Die grundlegenden Probleme sind also folgende:
- Doppelte Besetzung der Flügel
- Kein oder zu spätes Aufrücken der Außenverteidiger (der jeweilige Außenstürmer könnte dann wegen Punkt 1 situativ einrücken)
- Schwache vertikale Staffelung, kaum Passoptionen hinter die Pressinglinie
- Seltene Dreiecksbildung
- Kroos und Modric lassen sich gerne fallen, da Casemiro als defensiver Spieler auch eher tief steht, ist das gesamte Mittelfeld zu tief positioniert à keine Verbindung zur Sturmreihe
Wie könnte man also das Aufbauspiel verbessern? Da Cristiano Ronaldo sowieso häufig einrückt und fast als zweiter Stürmer spielt, wäre ein frühes Aufrücken Marcelos eine große Verbesserung. Mit Kroos im linken Halbraum könnten über diese Seite gefährliche Situationen kreiert werden.
Eine weitere große Baustelle ist die Einbindung Casemiros. Durch das häufige Fallenlassen von Kroos und Modric, hat dieser bisher kaum Aufgaben im Aufbauspiel. Zieht man in Betracht, dass die langen Bälle, die Real (oft aus der Not heraus) spielt, durchaus Gefahr bringen (vor allem wegen der technischen und physischen Stärken der Sturmreihe und den Passfähigkeiten von Kroos und Modric). Interessant wäre daher, wenn Casemiro sich sehr hoch positioniert, um dann zweite Bälle direkt abfangen zu können.
Alternativ könnte man über Halbraum- und Flügelkombinationen und Dreiecksspiel (Kroos-Marcelo-Cristiano, Modric-Carvajal-Bale) Dynamik und somit Gefahr erzeugen.
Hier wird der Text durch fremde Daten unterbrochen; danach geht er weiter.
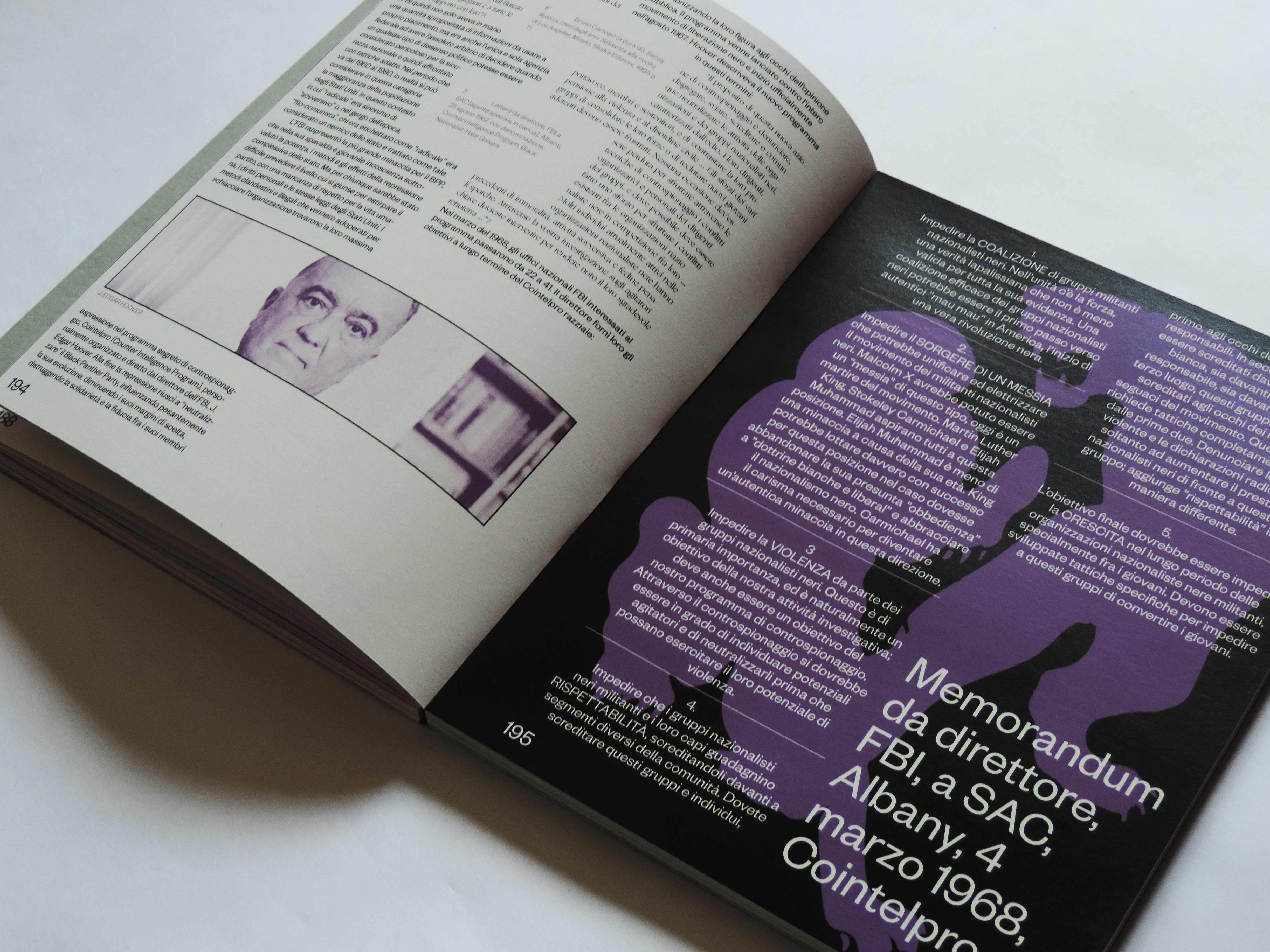 The whole book is masterfully designed in an incredible contemporary mix of “brutalist ” and “bored-chic” graphic styles, using limited color palette for each chapter, bitmap and glitched aesthetics, old school referencies, card inserts, with an excellent alternation between pages of text/documents and re-interpreted historical images. 90% of the book is strictly printed on recycled paper.
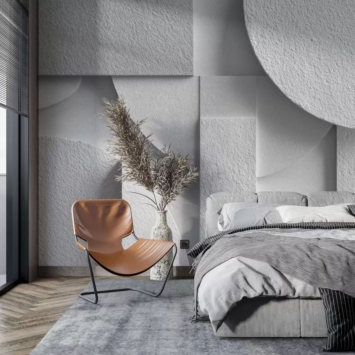 Fototapet Abstrakt komposition med hvide tredimensionelle geometriske former Nr. w04395v1

Rechts könnte Benzema dabei als Unterstützung dienen. Dadurch könnte man Casemiro eine passende Rolle zuteilen, und zudem die Stärken von Modric, Kroos aber auch Benzema im Passspiel nutzen. Fraglich ist dabei natürlich, ob die hohe Positionierung mit der eigentlich defensiven Rolle Casemiros kompatibel ist. Vorteilhaft für die Besetzung dieser Position als Bindeglied zwischen Abwehr/Mittelfeld und Angriff – aber zulasten der defensiven Stabilität – wäre es natürlich, anstatt Casemiro Isco oder James aufzustellen.
So könnte das eben beschriebene Grundschema bei eigenem Ballbesitz ausschauen.
Spielt man gegen Mannschaften, die selbst gerne das Spiel dominieren, kommen die eigenen Probleme im Aufbauspiel nicht übermäßig zum Tragen – wie beim Sieg gegen den FC Barcelona vor wenigen Wochen. Sollte es aber der Anspruch von Zidane sein, einen – ähnlich dem Juego de Posicion – ballbesitz- und dominanzorientierten Spielstil bei Real zu prägen, bleibt noch viel Arbeit für den Trainer der Königlichen.